Recipe for 16% SDS-PAGE gels

TO MAKE 10 gels (80 ml):

  • 17.4 ml distilled water
  • 42.6 ml 30% Acrylamide
  • 20 ml lower buffer
  • 320 ul 10% ammonium persulfate (APS)
  • 48 ul TEMED

Recipe for 8% SDS-PAGE gels

TO MAKE 10 gels (80 ml):

  • 38.7 ml distilled water
  • 21.3 ml 30% Acrylamide
  • 20 ml lower buffer
  • 320 ul 10% ammonium persulfate (APS)
  • 48 ul TEMED

Recipe for Stacking gels

TO MAKE 10 ml:

  • 6.2 ml distilled water
  • 1.3 ml 30% Acrylamide
  • 2.5 ml upper buffer
  • 100 ul 10% ammonium persulfate (APS)
  • 20 ul TEMED

LOWER BUFFER
(pH 8.8, 1.5 M Tris, 0.4% SDS)

TO MAKE 500 ml:

  • 91.0 g Tris
  • 20 ml 10% SDS stock solution

Add Tris to distilled H2O to equal about 400 ml. Adjust pH to 8.8 with HCl. Then add SDS. Bring up to 500 ml with distilled water.

UPPER BUFFER
(pH 6.8, 0.5 M Tris, 0.4% SDS)

TO MAKE 500 ml:

  • 30.5 g Tris
  • 20 ml 10% SDS stock solution
  • 1-3 ml 0.01% Bromophenol Blue stock solution

Add Tris to distilled H2O to equal about 400 ml. Adjust pH to 6.8 with HCl. Then add SDS. Bring up to 500 ml with distilled water.

ELECTROPHORESIS RUNNING BUFFER
(250 mM Tris, 1.92 M glycine, 1% SDS))

TO MAKE 1 L (10X):

  • 30.3 g Tris
  • 144 g Glycine
  • 10 g SDS

Dissolve in distilled H2O to a final volume of 1 Liter. Requires Heat. Wear a mask handling SDS.

COOMASSIE STAIN

TO MAKE 500 ml:

  • 0.5 g Coomassie Blue
  • 10 ml distilled water
  • 30 g NH4SO4
  • 500 ml 2% H3PO4

In 50 ml conical tube dissolve 0.5 g of purified, dried coomassie blue in 10 ml distilled distilled H2O. Nutate at room temperature from 2-24 hours.

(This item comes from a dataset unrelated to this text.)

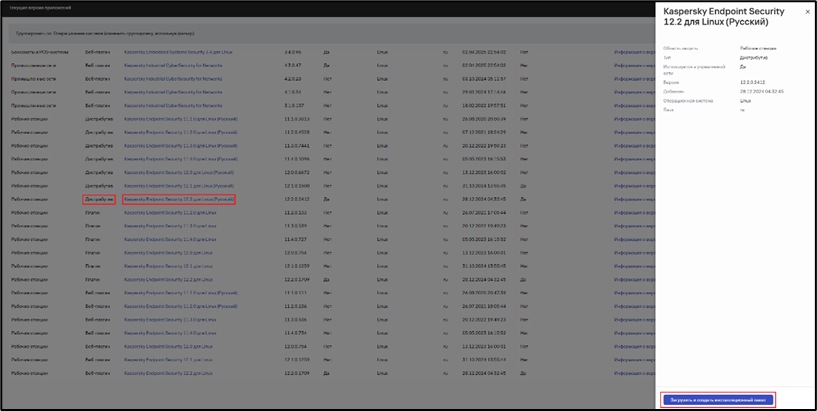 Далее в этом же списке находим Kaspersky Endpoint Security для Linux. Аналогично нажать на него и выбирать Загрузить и создать инсталляционный пакет

In a beaker, dissolve 30 g NH4SO4 in 500 ml 2% H3PO4. Dissolve completely.

Add the coomassie blue mixture to the beaker and mix. Store at room temperature in a dark bottle (light sensitive).

WESTERN TRANSFER BUFFER (40X)
(264 mM Tris, 2 M Glycine, 0.4% SDS)

TO MAKE 500 ml:

  • 16 g Tris
  • 75 g Glycine
  • 2 g SDS

Wear a mask while handling the SDS. Requires Heat to get SDS into solution.

TBST (20X)
(200 mM Tris, pH 8.0, 3 M NaCl, 1% (v/v) Tween 20)

TO MAKE 1 L:

  • 24.4 g Tris
  • 175.2 g NaCl
  • 10 ml Tween-20
  • 4 g NaN3 (optional)

Adjust pH to 8 with HCl BEFORE adding detergent. Usually takes about 12 ml HCl for 2 Liter recipe.